◆ ASSIGNMENT:
Please write out all the data that follows exactly, without the pictures.

◆ STUDY MATERIAL:
= = = = =

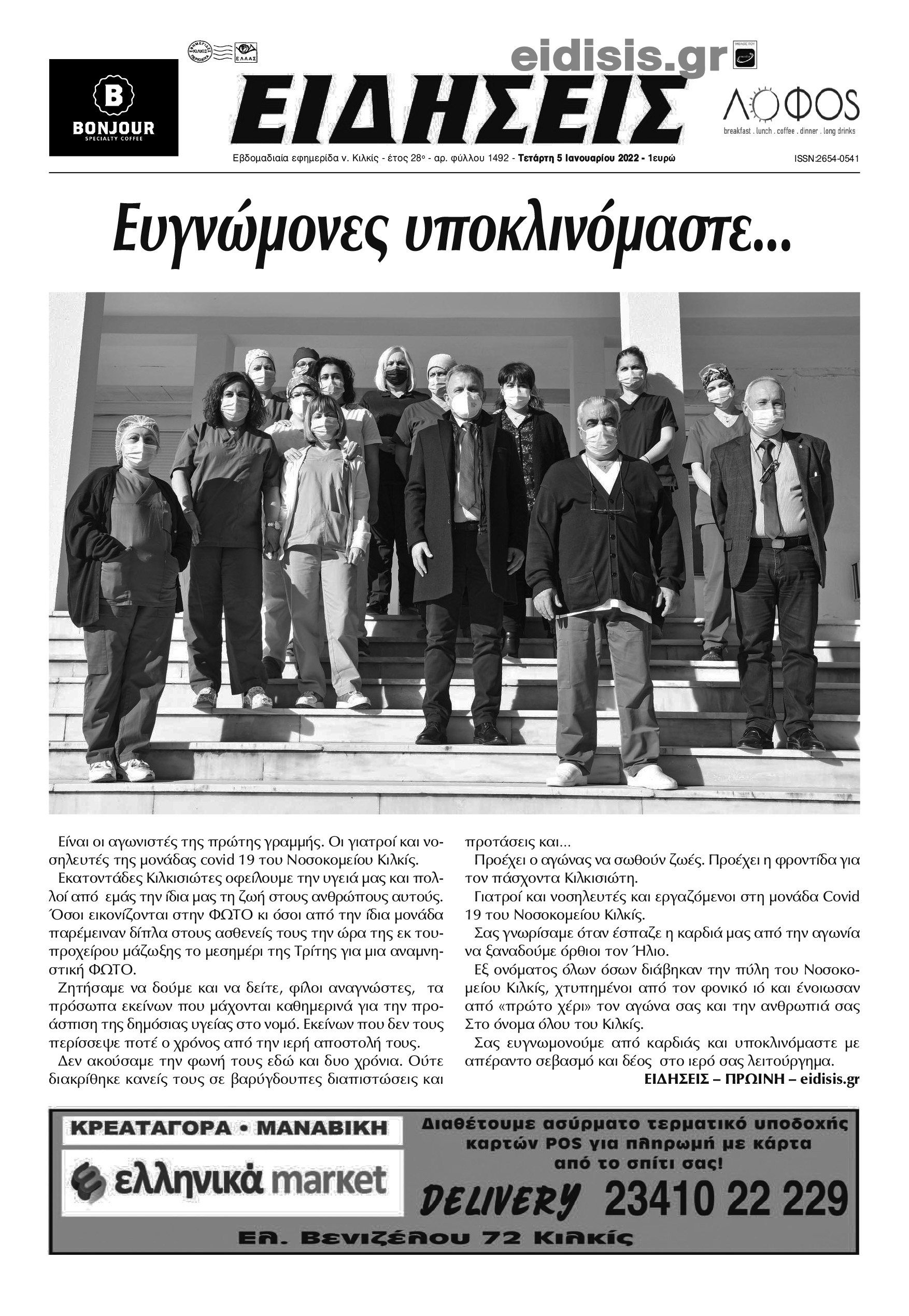 Διαβάστε το νέο πρωτοσέλιδο των ΕΙΔΗΣΕΩΝ, της εβδομαδιαίας εφημερίδας του ν. Κιλκίς (5-1-2022)
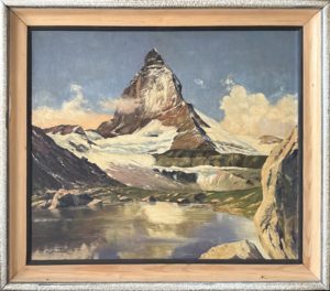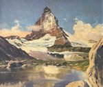 Vers 1920. Huile sur toile, signée en bas à gauche, 73,5 x 62,5 cm, encadrée. Belle et grande vue du Cervin se reflétant dans le lac Noir à Zermatt. Une composition classique par un peintre inconnu, mais visiblement bien inspiré, nous donnant un Cervin que n'auraient pas renié Charles-Henri Contencin ou Edward Theodore Compton.
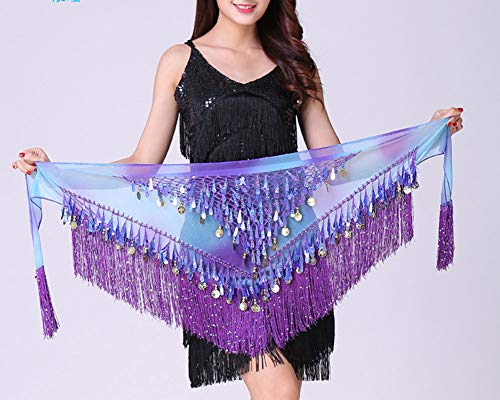 YAOTT Donna Cintura in Chiffon per Danza del ventre con paillettes e monete Hip Gonna Wrap Costume Orientale Viola Blu Taglia unica
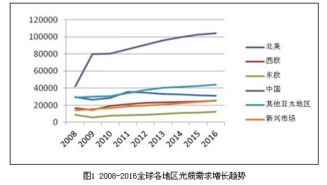 從拉動光纜需求的國家和地區(qū)分析:除北美地區(qū),其他地區(qū)的光纜需求量在2010至2016年均呈上升態(tài)勢。其中,東歐地區(qū)的年增長率保持在10%左右,為需求量增長最快地區(qū)。2010中國占全球光纜需求的44%。2011年占比有所下降,為42%,但中國仍是需求量最大的國家。預(yù)計(jì)2016年中國光纜需求將占全球市場的43%,需求超過1億芯公里(見圖1)。
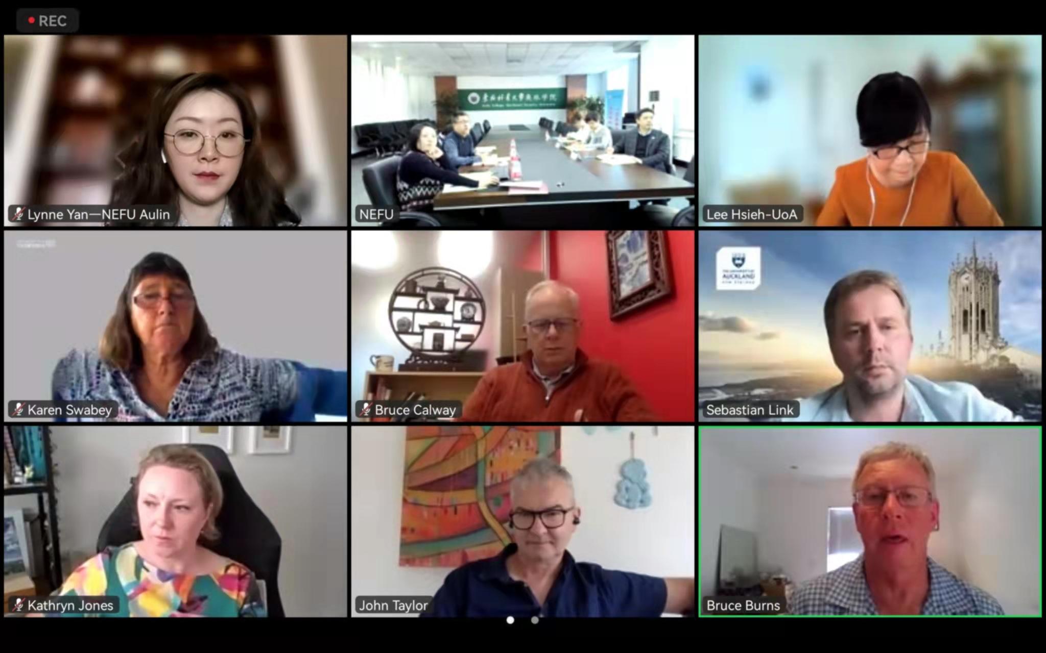 At 9 a.m. Beijing time on December 7, 2021, The Academic Affairs Board (AAB) meeting for the fall semester of 2021 was held by Aulin College of Northeast Forestry University and the Department of science of Auckland University. The meeting was held simultaneously in Harbin, Beijing, Auckland, New Zealand and Melbourne, Australia by remote video. The AAB meeting was used as the "daily teaching communication meeting mechanism" of Aulin college It is held every six months to timely feed back the problems existing in teaching, continuously improve teaching design, steadily improve teaching effect, and ensure the continuous improvement of talent training quality.
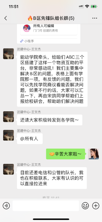 澎湃先锋队搭建防疫平台,以在线互助表格为抓手,建立了快递收发情况;创新港、兴庆生活物资互助;速递物资统计等表格,与各院进行合作,共同维护;同时开设心晴树洞专栏,把同学们所急所忧所思所盼问题一个一个解决,努力把疫情防控的刚性与服务同学的柔性统一起来。
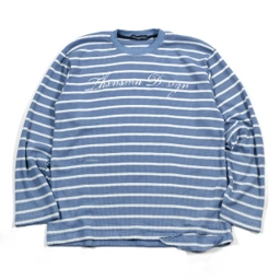 Kaos lengan panjang berbahan waffle knit dengan motif garis hitam putih. Menggunakan print grafis di bagian dada serta detail sobek dan lubang kecil yang disengaja pada area leher dan bagian bawah.
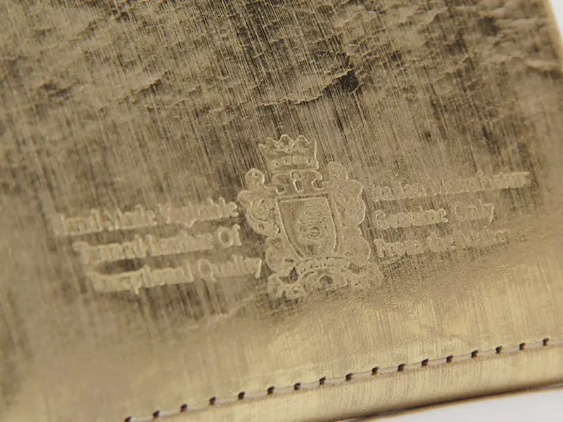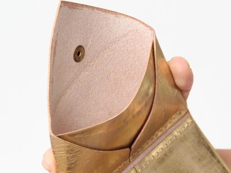 上質なヌメ革の表面に箔を施し、さらに手作業で丁寧にやすりをかけることで、独特の光沢感とムラのある豊かな表情を生み出しています。使い込むほどに箔が徐々に取れ、下地のヌメ革が浮かび上がることで、経年変化ならではの奥深い風合いを楽しめる特別なレザーです。
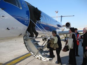 だだっ広い空港に着きました。ステップを降りて、地面を歩いて空港内へすすみます。ローカルですね。 |
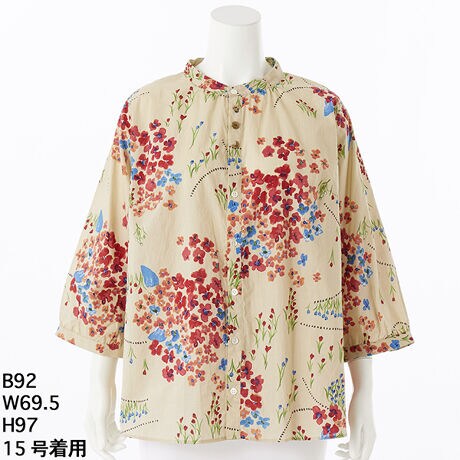 [15〜19号]80ローンルシオール加工フラワーパレットプリントブラウス
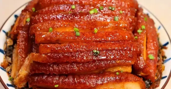 自製廣東名菜南乳扣肉,出鍋色澤油亮,入口肥而不膩,好吃到舔盤
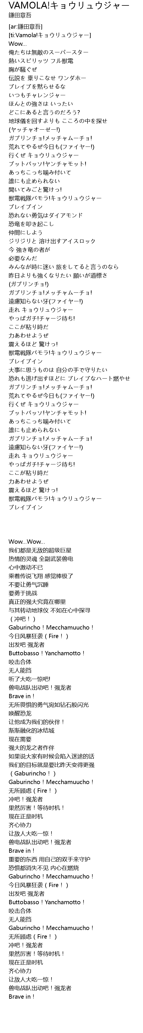 | [02:45.92] | 獣電戦隊バモラ!キョウリュウジャー |

= = = = =

◆ ANSWER TO THIS EXERCISE:
 Διαβάστε το νέο πρωτοσέλιδο των ΕΙΔΗΣΕΩΝ, της εβδομαδιαίας εφημερίδας του ν. Κιλκίς (5-1-2022)
 Vers 1920. Huile sur toile, signée en bas à gauche, 73,5 x 62,5 cm, encadrée. Belle et grande vue du Cervin se reflétant dans le lac Noir à Zermatt. Une composition classique par un peintre inconnu, mais visiblement bien inspiré, nous donnant un Cervin que n'auraient pas renié Charles-Henri Contencin ou Edward Theodore Compton.
 YAOTT Donna Cintura in Chiffon per Danza del ventre con paillettes e monete Hip Gonna Wrap Costume Orientale Viola Blu Taglia unica
 從拉動光纜需求的國家和地區(qū)分析:除北美地區(qū),其他地區(qū)的光纜需求量在2010至2016年均呈上升態(tài)勢。其中,東歐地區(qū)的年增長率保持在10%左右,為需求量增長最快地區(qū)。2010中國占全球光纜需求的44%。2011年占比有所下降,為42%,但中國仍是需求量最大的國家。預(yù)計(jì)2016年中國光纜需求將占全球市場的43%,需求超過1億芯公里(見圖1)。
 At 9 a.m. Beijing time on December 7, 2021, The Academic Affairs Board (AAB) meeting for the fall semester of 2021 was held by Aulin College of Northeast Forestry University and the Department of science of Auckland University. The meeting was held simultaneously in Harbin, Beijing, Auckland, New Zealand and Melbourne, Australia by remote video. The AAB meeting was used as the "daily teaching communication meeting mechanism" of Aulin college It is held every six months to timely feed back the problems existing in teaching, continuously improve teaching design, steadily improve teaching effect, and ensure the continuous improvement of talent training quality.
 澎湃先锋队搭建防疫平台,以在线互助表格为抓手,建立了快递收发情况;创新港、兴庆生活物资互助;速递物资统计等表格,与各院进行合作,共同维护;同时开设心晴树洞专栏,把同学们所急所忧所思所盼问题一个一个解决,努力把疫情防控的刚性与服务同学的柔性统一起来。
 Kaos lengan panjang berbahan waffle knit dengan motif garis hitam putih. Menggunakan print grafis di bagian dada serta detail sobek dan lubang kecil yang disengaja pada area leher dan bagian bawah.
 上質なヌメ革の表面に箔を施し、さらに手作業で丁寧にやすりをかけることで、独特の光沢感とムラのある豊かな表情を生み出しています。使い込むほどに箔が徐々に取れ、下地のヌメ革が浮かび上がることで、経年変化ならではの奥深い風合いを楽しめる特別なレザーです。
 だだっ広い空港に着きました。ステップを降りて、地面を歩いて空港内へすすみます。ローカルですね。 |
 [15〜19号]80ローンルシオール加工フラワーパレットプリントブラウス
 自製廣東名菜南乳扣肉,出鍋色澤油亮,入口肥而不膩,好吃到舔盤
 | [02:45.92] | 獣電戦隊バモラ!キョウリュウジャー |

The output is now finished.